▶ _Work instruction_:
Your copy of the listing should match it exactly, only without pictures.

▶ _Given information_:
══════════════════════════════

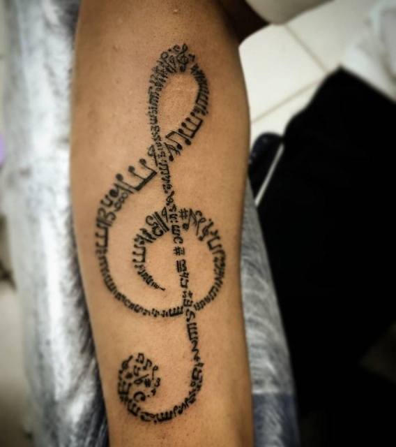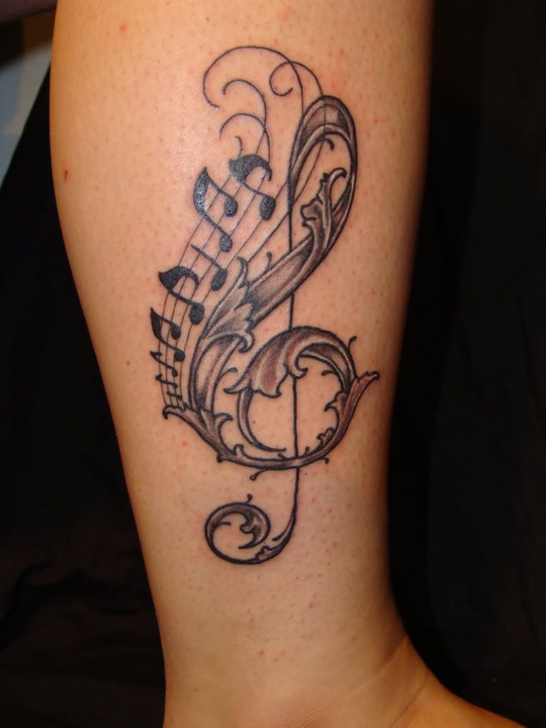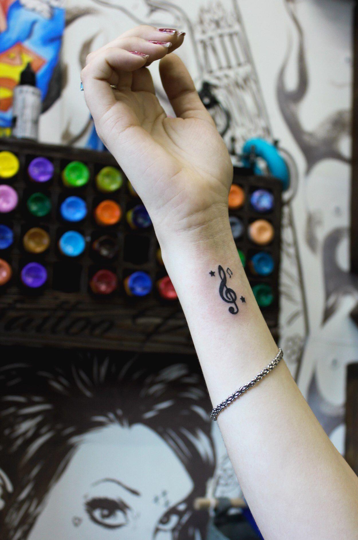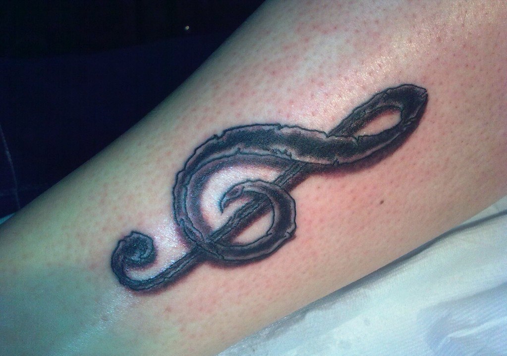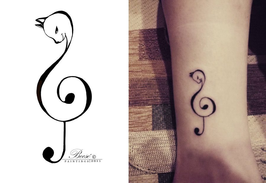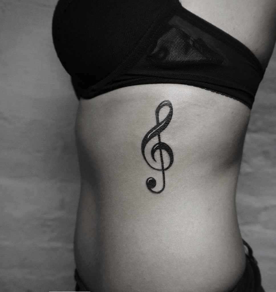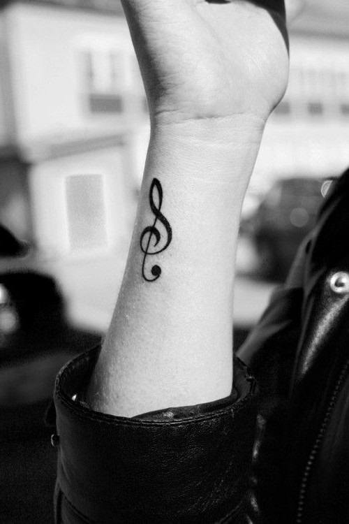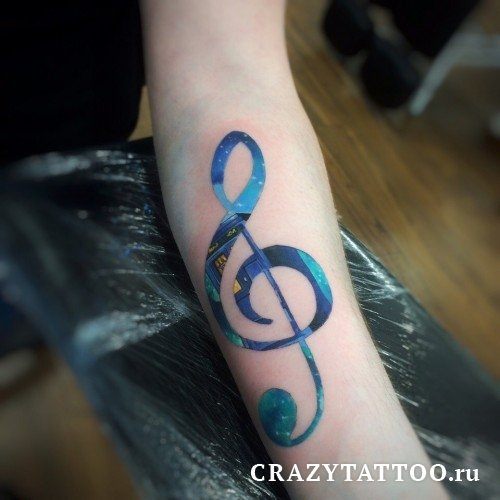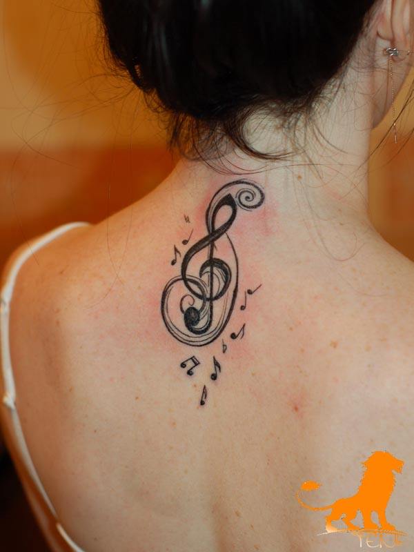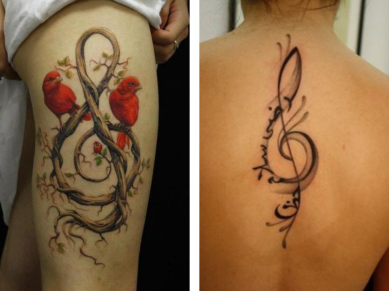 Chacun a sûrement essayé de représenter une note de musique - un signe de clé de sol avec un geste de la main. Et cela dit encore une fois qu'il n'y a rien de compliqué dans l'image de ce signe, mais en même temps ça a l'air très envoûtant. Pas étonnant qu'aujourd'hui ce tatouage soit très populaire. Les filles qui utilisent cette image essaient de souligner leur tendresse et leur sexualité, ainsi que leur sexe plus fort - masculinité et originalité. Dans tous les cas, en choisissant un tatouage, assurez-vous de réfléchir à tous les détails du croquis et ne vous référez qu’aux tatoueurs professionnels.
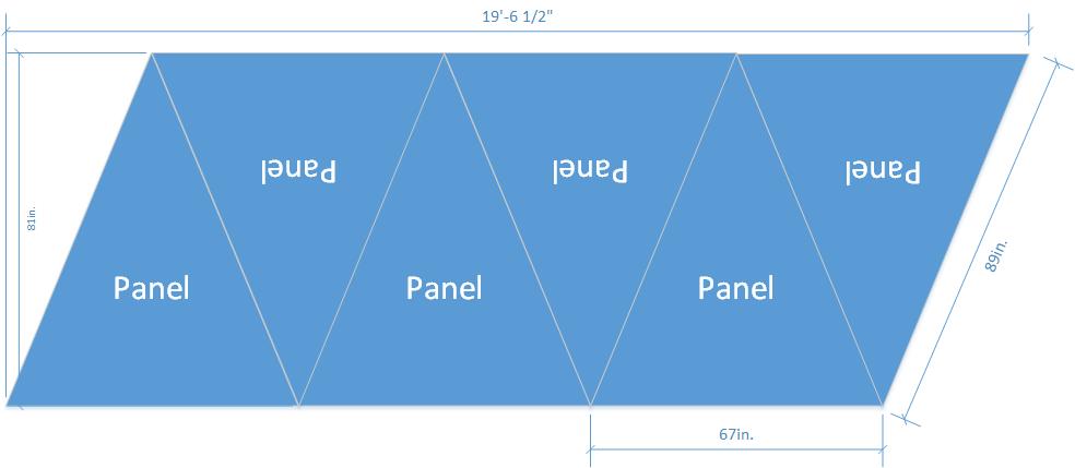 3) Mark and cut the six triangles, keeping the seam exactly at center, knowing that they'll be cut in alternating directions (will have some waste material...good for stuff sacks!)
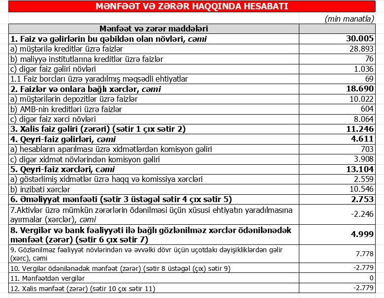 Qeyd edilib ki, 2022-ci iln yekunları ilə müqayisədə bankın faiz gəlirləri 12% artaraq 2023-cü ilin sonuna 30 milyon manatdan, xalis faiz gəlirləri isə 14% artaraq 11 milyon manatdan artıq olmuşdur. Bankın xalis əməliyyat mənfəəti 3.3 dəfə artaraq 2.8 milyon manatı üstələmişdir.
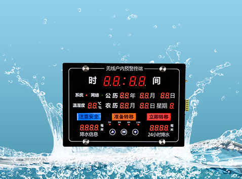 无线户内预警终端丨产品概述本产品是一款针对暴雨、山洪、泥石流等可能发生自然灾害的地区所研发的入户型报警器,具有外观美观大方,功能实用,免维护等优点。可以实时监测雨量及上游水位,并通过多种方式预警以保障下游居民人身及财产安全。产品采用与家庭日常用品相结合的亲民形式,具有公历、农历、时间、星期、温度等居民

══════════════════════════════

▶ _Task response_:
 Chacun a sûrement essayé de représenter une note de musique - un signe de clé de sol avec un geste de la main. Et cela dit encore une fois qu'il n'y a rien de compliqué dans l'image de ce signe, mais en même temps ça a l'air très envoûtant. Pas étonnant qu'aujourd'hui ce tatouage soit très populaire. Les filles qui utilisent cette image essaient de souligner leur tendresse et leur sexualité, ainsi que leur sexe plus fort - masculinité et originalité. Dans tous les cas, en choisissant un tatouage, assurez-vous de réfléchir à tous les détails du croquis et ne vous référez qu’aux tatoueurs professionnels.
 3) Mark and cut the six triangles, keeping the seam exactly at center, knowing that they'll be cut in alternating directions (will have some waste material...good for stuff sacks!)
 Qeyd edilib ki, 2022-ci iln yekunları ilə müqayisədə bankın faiz gəlirləri 12% artaraq 2023-cü ilin sonuna 30 milyon manatdan, xalis faiz gəlirləri isə 14% artaraq 11 milyon manatdan artıq olmuşdur. Bankın xalis əməliyyat mənfəəti 3.3 dəfə artaraq 2.8 milyon manatı üstələmişdir.
 无线户内预警终端丨产品概述本产品是一款针对暴雨、山洪、泥石流等可能发生自然灾害的地区所研发的入户型报警器,具有外观美观大方,功能实用,免维护等优点。可以实时监测雨量及上游水位,并通过多种方式预警以保障下游居民人身及财产安全。产品采用与家庭日常用品相结合的亲民形式,具有公历、农历、时间、星期、温度等居民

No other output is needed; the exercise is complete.